## [Dataset section]
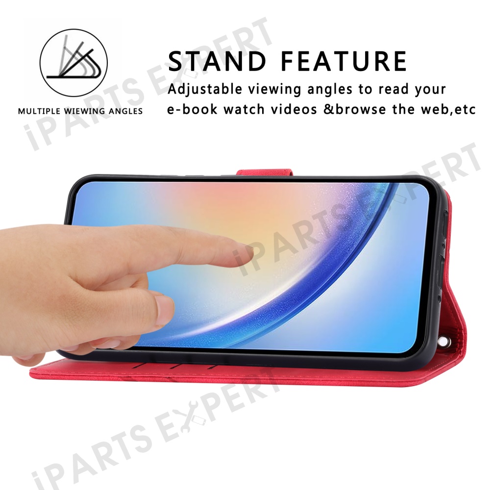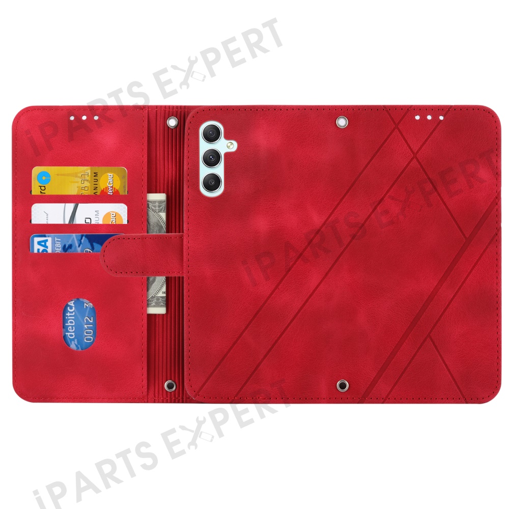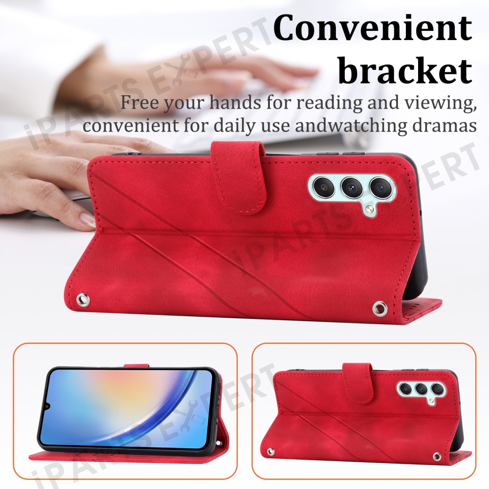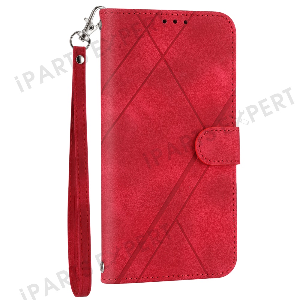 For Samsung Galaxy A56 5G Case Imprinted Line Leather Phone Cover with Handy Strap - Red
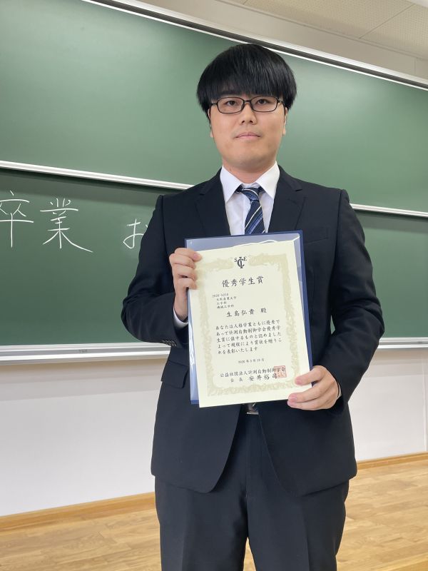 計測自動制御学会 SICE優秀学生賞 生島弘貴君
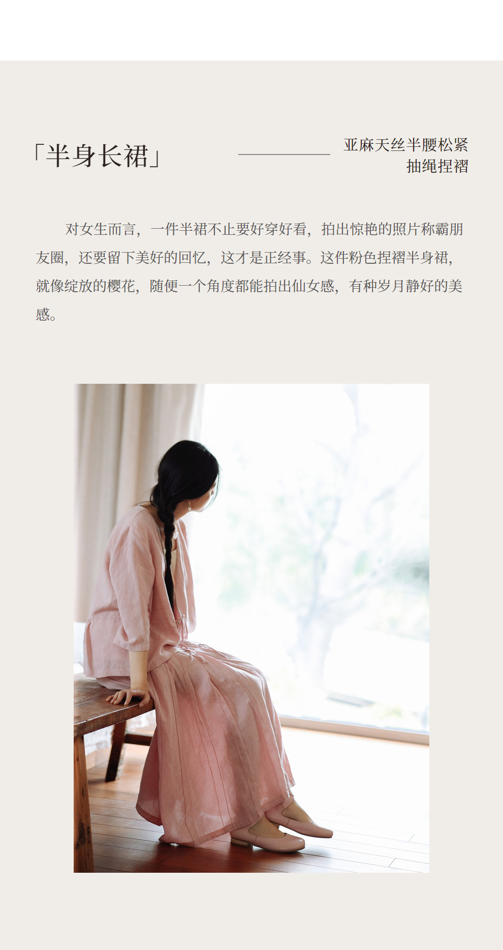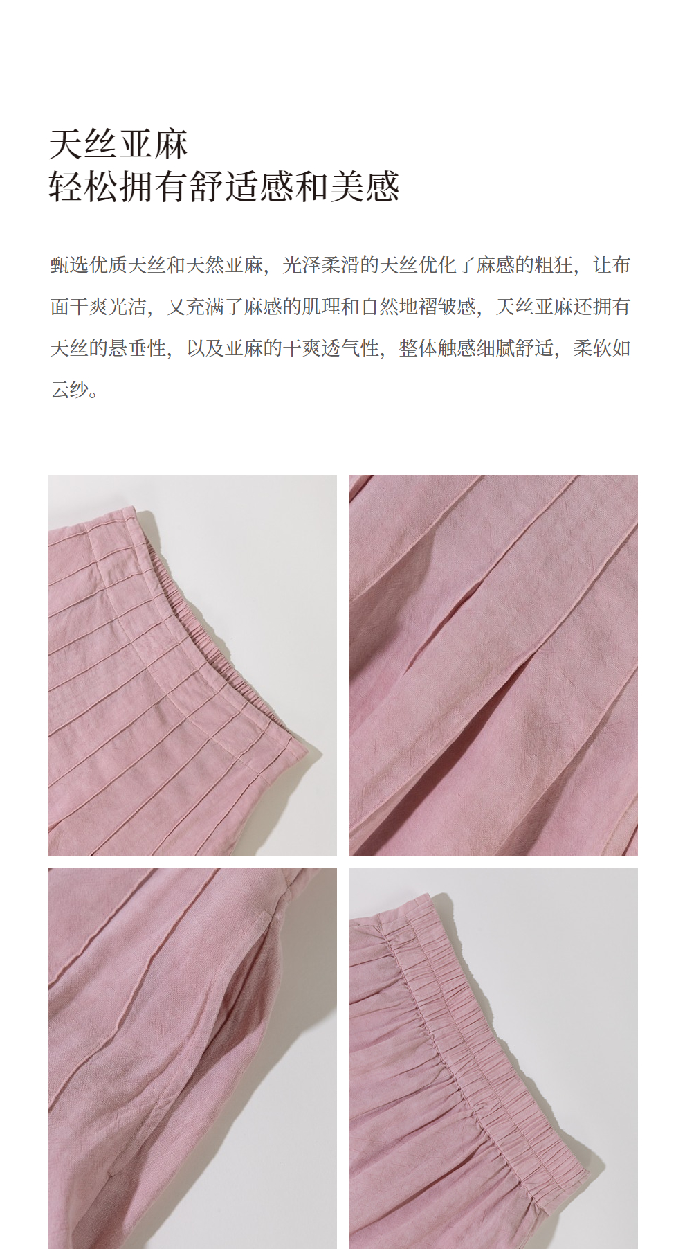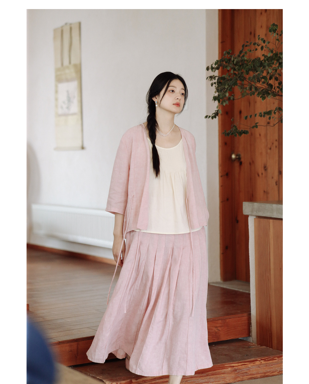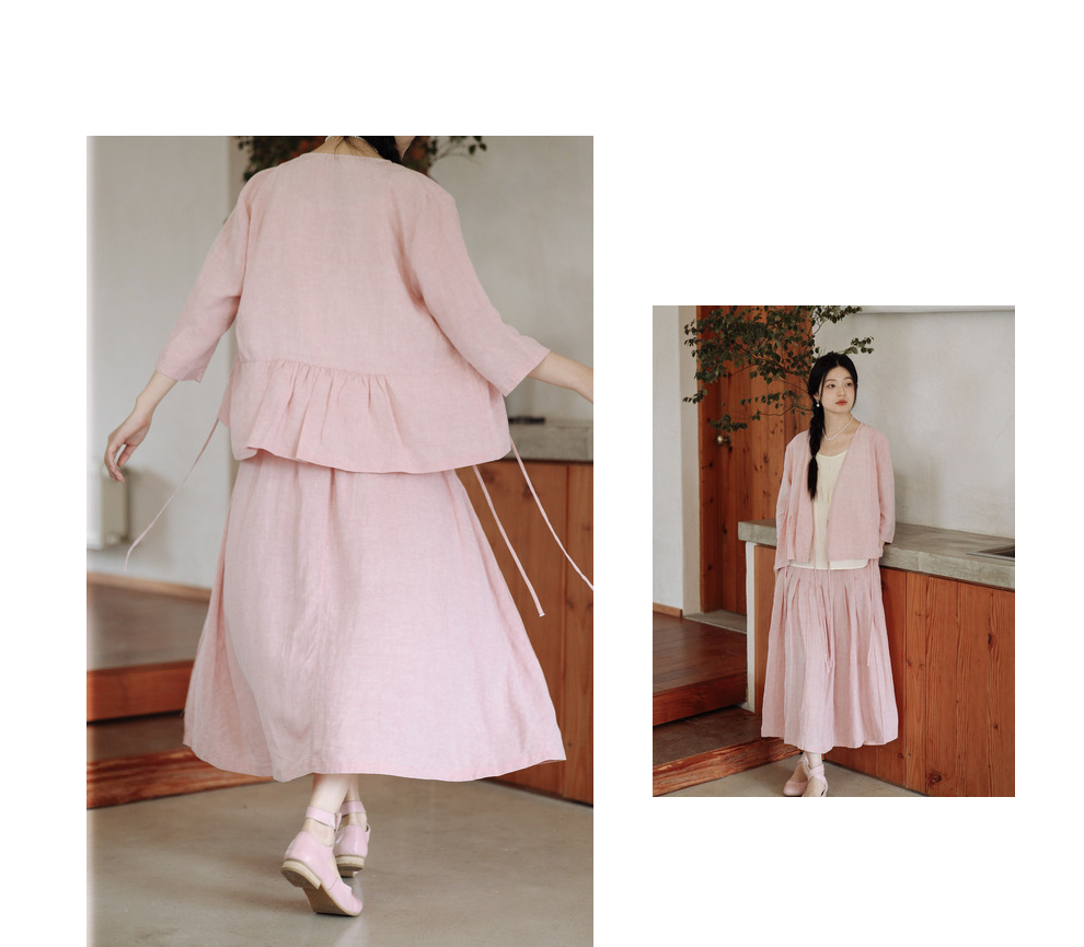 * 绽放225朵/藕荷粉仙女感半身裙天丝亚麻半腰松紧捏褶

## [Activity]
Copy out the whole listing exactly, and don't carry over any pictures.

## [Task output]
 For Samsung Galaxy A56 5G Case Imprinted Line Leather Phone Cover with Handy Strap - Red
 計測自動制御学会 SICE優秀学生賞 生島弘貴君
 * 绽放225朵/藕荷粉仙女感半身裙天丝亚麻半腰松紧捏褶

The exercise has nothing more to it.